= PROMPT =
Copy nothing past the line containing "League | |||". Transcribe every line of the listing below up to and including it, from the first, except pictures.

-------- DATA EXTRACT

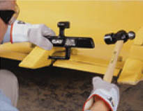 3. Placez l’outil sur la pointe (A), localisez l’axe dans le trou du support (B) et frappez l’extracteur (C). |
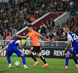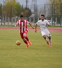 ![]() Nazmi Gripshi playing against Dinamo Zagreb on UEFA Conference League | |||
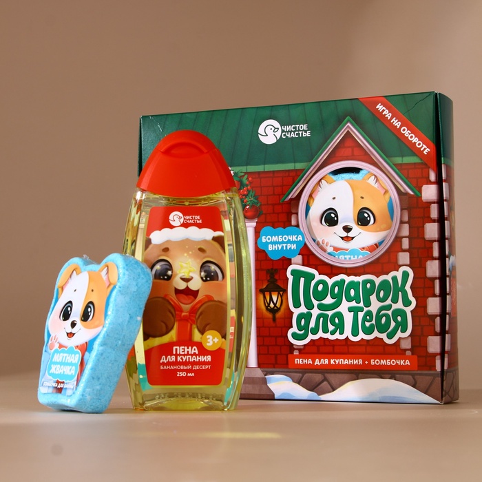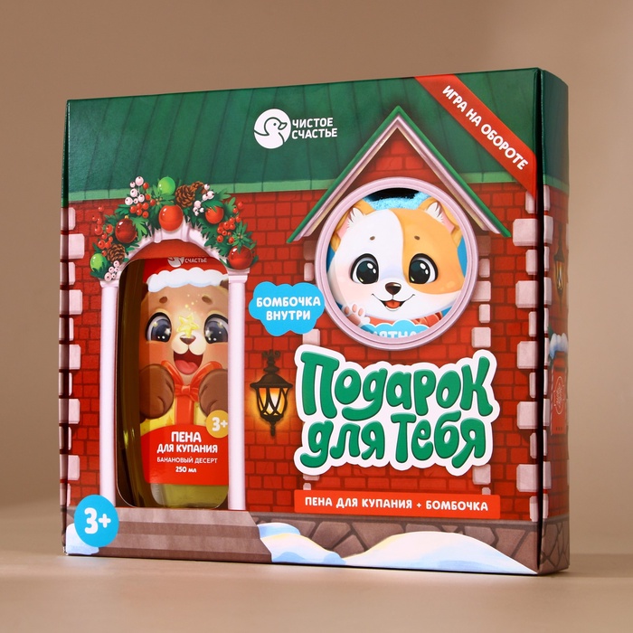 Подарочный набор новогодний детский «Подарок для тебя», пена для купания 250 мл и бомбочка для ванны 110 г, Чистое счастье — Характеристики

----------------

= TASK RESPONSE =
 3. Placez l’outil sur la pointe (A), localisez l’axe dans le trou du support (B) et frappez l’extracteur (C). |
 ![]() Nazmi Gripshi playing against Dinamo Zagreb on UEFA Conference League | |||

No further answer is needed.